It’s true – discovering new blogs isn’t easy. If you’re not following the right people on Twitter or don’t happen to be around when a person links to their posts on social media, then you are usually out of luck. Personal blogs are often not very well optimized for search and can get lost in the haystack.

Google Search doesn’t provide a way to narrow results to personal blogs. The Wiby search engine is about the closest you can get for searching these types of websites, although it seems to be limited to older style pages that are based on one subject of interest. Wiby uses Microsoft Bing’s search results combined with Wiby.me results without sending your IP and user agent to Microsoft. Wiby’s about page explains the problem that sites like Refined.blog are aiming solve:

In the early days of the web, pages were made primarily by hobbyists, academics, and computer savvy people about subjects they were personally interested in. Later on, the web became saturated with commercial pages that overcrowded everything else. All the personalized websites are hidden among a pile of commercial pages. Google isn’t great at finding them, its focus is on finding answers to technical questions, and it works well; but finding things you didn’t know you wanted to know, which was the real joy of web surfing, no longer happens. In addition, many pages today are created using bloated scripts that add slick cosmetic features in order to mask the lack of content available on them. Those pages contribute to the blandness of today’s web.

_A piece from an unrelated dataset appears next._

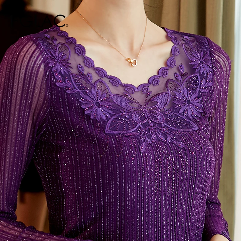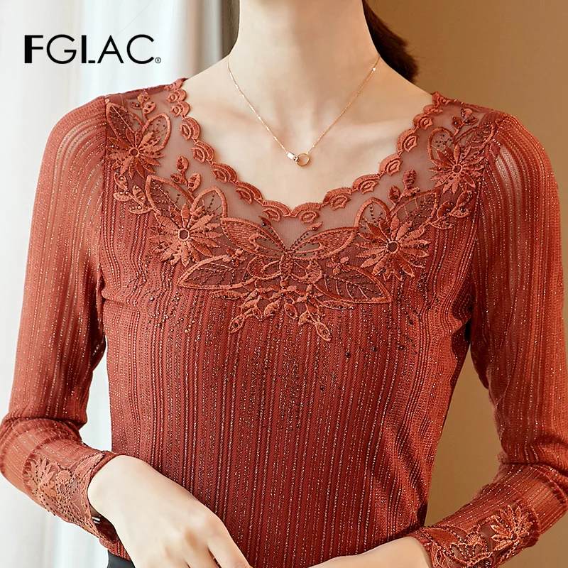buy Women blouse shirt Fashion Long sleeve Autumn tops Elegant Slim Embroidered Lace shirt plus size wo

The Wiby search engine is building a web of pages as it was in the earlier days of the internet.

Refined.blog brings more exposure to some of these single-person curated websites. Its creator, Musa Ünal, is considering branching out from an index of software engineering blogs to separate indexes for different topics.

“For example, I am big fan of history bloggers, but it’s very hard to find these kinds of blogs,” he said in response to a question on Hacker News. “If you know such of blogs, please contribute to the project. If we have enough bloggers listed, we can create subdomains like history.refined.blog or art.refined.blog.”

Hacker News comments on the project range from people discovering RSS for the first time and looking for reader recommendations, to people returning to RSS to get their news after becoming jaded by news algorithms and social media platforms. Other commenters shared that they, too, maintain their own lists of curated blogs. Refined.blog used some existing Engineering and Security blog lists as sources for the index.

“I love this,” one person commented on Hacker News. “I’m in the ultrarunning community and I love reading everyone’s blog posts/trip reports/race reports/adventures. But everyone stopped updating them over the past 5 years or so. Now that sort of thing is just an Instagram photo with a paragraph or two. The depth and character of those old blog posts have been lost. I wish in depth blog posts would come back, but in reality, I don’t think they are.”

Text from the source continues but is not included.